------ DATA ------

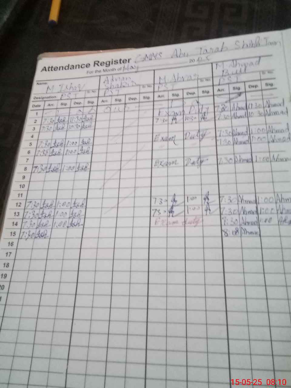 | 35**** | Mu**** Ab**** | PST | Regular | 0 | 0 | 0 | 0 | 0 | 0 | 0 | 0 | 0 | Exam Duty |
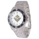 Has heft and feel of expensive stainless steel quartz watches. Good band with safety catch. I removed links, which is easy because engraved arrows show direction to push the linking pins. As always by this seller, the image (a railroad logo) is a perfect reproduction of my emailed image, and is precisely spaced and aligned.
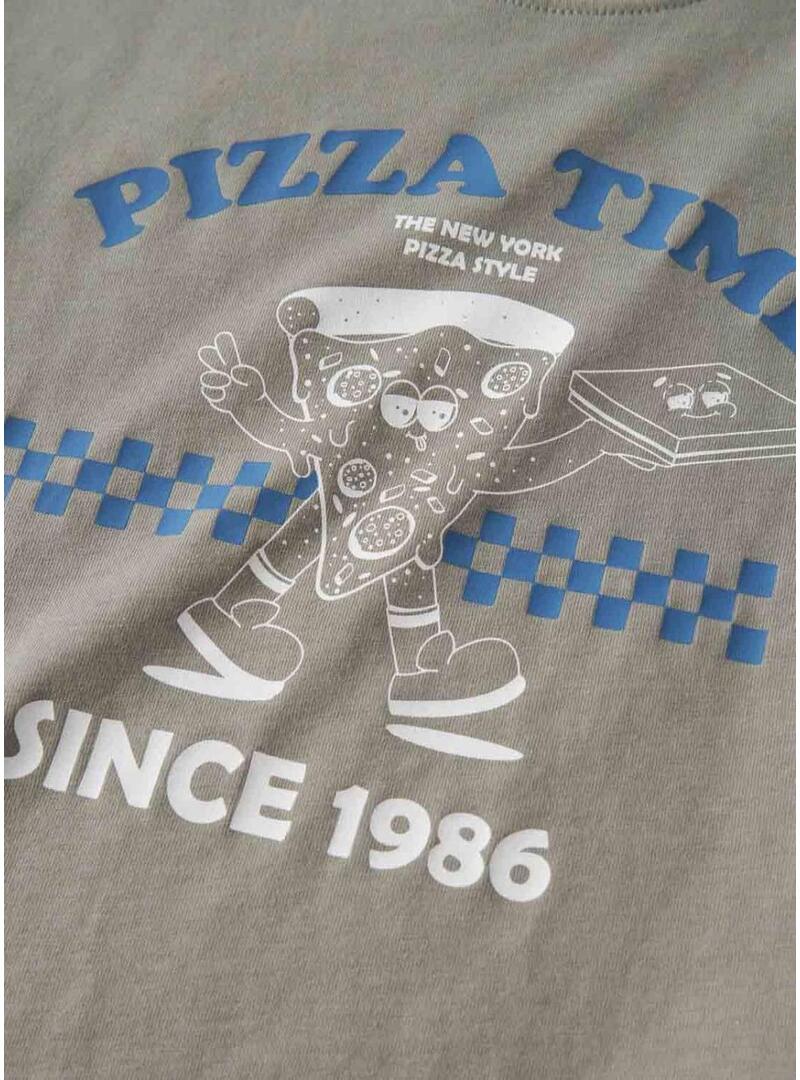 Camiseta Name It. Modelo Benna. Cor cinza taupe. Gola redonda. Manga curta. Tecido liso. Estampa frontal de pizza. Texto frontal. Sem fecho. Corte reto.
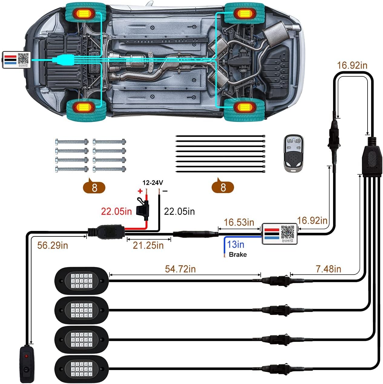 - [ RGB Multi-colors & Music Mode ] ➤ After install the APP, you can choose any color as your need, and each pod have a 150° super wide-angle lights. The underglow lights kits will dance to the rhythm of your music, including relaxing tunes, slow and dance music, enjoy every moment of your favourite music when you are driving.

------

PROBLEM STATEMENT: Without including the pictures, copy all of the data exactly.

REPLY TO THE TASK:
 | 35**** | Mu**** Ab**** | PST | Regular | 0 | 0 | 0 | 0 | 0 | 0 | 0 | 0 | 0 | Exam Duty |
 Has heft and feel of expensive stainless steel quartz watches. Good band with safety catch. I removed links, which is easy because engraved arrows show direction to push the linking pins. As always by this seller, the image (a railroad logo) is a perfect reproduction of my emailed image, and is precisely spaced and aligned.
 Camiseta Name It. Modelo Benna. Cor cinza taupe. Gola redonda. Manga curta. Tecido liso. Estampa frontal de pizza. Texto frontal. Sem fecho. Corte reto.
 - [ RGB Multi-colors & Music Mode ] ➤ After install the APP, you can choose any color as your need, and each pod have a 150° super wide-angle lights. The underglow lights kits will dance to the rhythm of your music, including relaxing tunes, slow and dance music, enjoy every moment of your favourite music when you are driving.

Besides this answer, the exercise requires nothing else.